Di Stefano Benzi
Io le chiamo affinità elettive: quando ho cominciato ad occuparmi di sport per professione ho cercato di tenere sopite le passioni e di mantenere un giusto distacco dal tifo e dall’essere di parte. La cosa è stata facile perché ho avuto un padre con il quale si andava tutte le settimane allo stadio, quando non era per mare, perché lui stava da una parte e io esattamente da quella opposta del tifo calcistico cittadino. Non mi ha mai considerato una spina nel fianco e io ho sempre apprezzato il modo in cui lui mi avesse lasciato libero di tifare per chi volessi.
Con la professione le cose sono cambiate: mi sono appassionato soprattutto alle persone, alla loro storia personale e alla loro idea di sport. Non sono uno che ha amato i vincenti per antonomasia: a Ronaldo per esempio ho preferito Savio, un giocatore brasiliano secondo me straordinario ed elegantissimo; ero innamorato di Marc Overmars e poi di Van der Vaart più che di Gullit o Van Basten e stravedo da anni per Gasperini.

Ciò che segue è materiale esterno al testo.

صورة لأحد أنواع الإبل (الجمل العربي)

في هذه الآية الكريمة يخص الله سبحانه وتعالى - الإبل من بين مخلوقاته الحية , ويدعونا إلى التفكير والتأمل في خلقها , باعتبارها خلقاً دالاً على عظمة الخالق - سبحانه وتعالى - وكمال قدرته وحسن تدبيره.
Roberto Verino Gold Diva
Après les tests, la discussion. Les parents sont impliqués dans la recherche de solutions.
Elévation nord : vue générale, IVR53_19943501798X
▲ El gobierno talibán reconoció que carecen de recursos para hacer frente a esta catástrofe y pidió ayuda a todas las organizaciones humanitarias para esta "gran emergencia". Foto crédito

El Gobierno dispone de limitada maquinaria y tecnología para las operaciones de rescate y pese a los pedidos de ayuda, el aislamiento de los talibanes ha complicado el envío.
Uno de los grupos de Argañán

Tanti anni fa, al primo incarico di seguire una testata online che si occupava di pallavolo ho avuto modo di conoscere una ragazza giovanissima, di grande talento e di rara educazione e impegno. Fu la mia prima intervista in assoluto, giocava a Vicenza con un’altra giocatrice straordinaria e ancora in divenire, Maggie Glinka. Quella ragazza era Paola Paggi.
Rimasi colpito, affascinato, dal suo stile, dalla sua educazione e dalla sua notevole eleganza che in campo sapeva trasformarsi in grande carattere e agonismo. Paola era indiscutibilmente una ragazza splendida così come oggi è una donna meravigliosa.

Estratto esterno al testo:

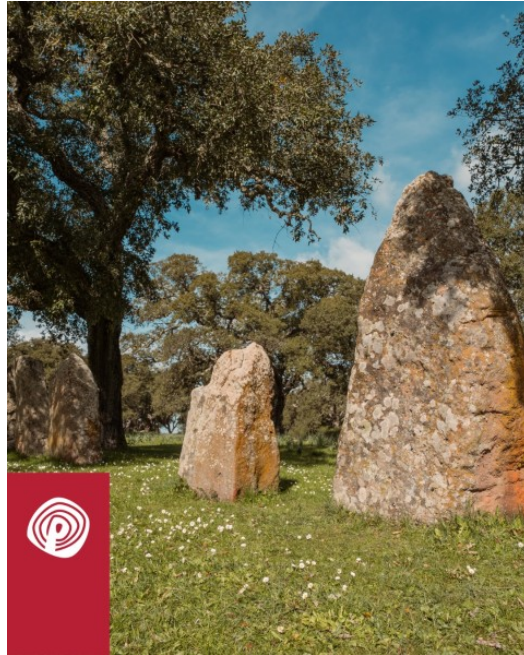
Goni, Parco archeologico di Pranu Muttedu. Menhir protoantropomorfi.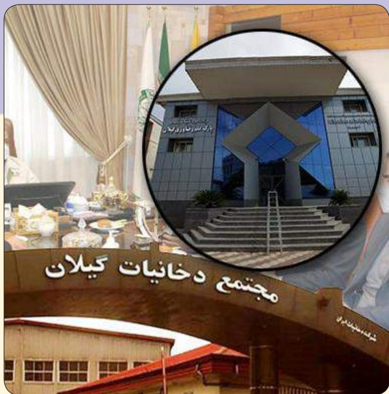
مجتمع دخانهیات گیلان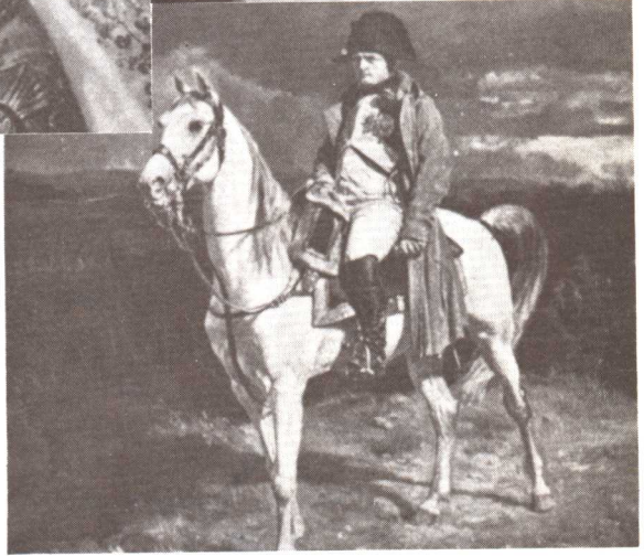
拿破崙於1814年約瑟芬死後

Ho seguito Paola sempre, da vicino e da lontano, con un occhio particolare e con grande rispetto. Quando mi disse “basta, smetto…” è stato naturale provare grande amarezza: perché l’ho vista in campo fino all’ultima partita e so che ancora oggi, tatticamente e fisicamente, lei potrebbe tranquillamente giocare da titolare in A1 con una squadra di alto livello.
L’ho incrociata, ci siamo scattati una foto, ci siamo salutati e le ho detto di persona che mi dispiacerà non vederla più in campo: ma sono molto curioso di vedere cosa vorrà fare adesso. Qualsiasi cosa deciderà di fare andrà bene perché con la sua testa, il suo carattere e la sua educazione Paola non può fallire.
Il campo di pallavolo perde un esempio di stile, longevità, impegno e dedizione: un vero esempio. Mi auguro che qualcuno le dia spazio per trasmettere i suoi valori con un ruolo da tecnico o da dirigente: la pallavolo ha un bisogno disperato di esempi positivi e di esperienza reale.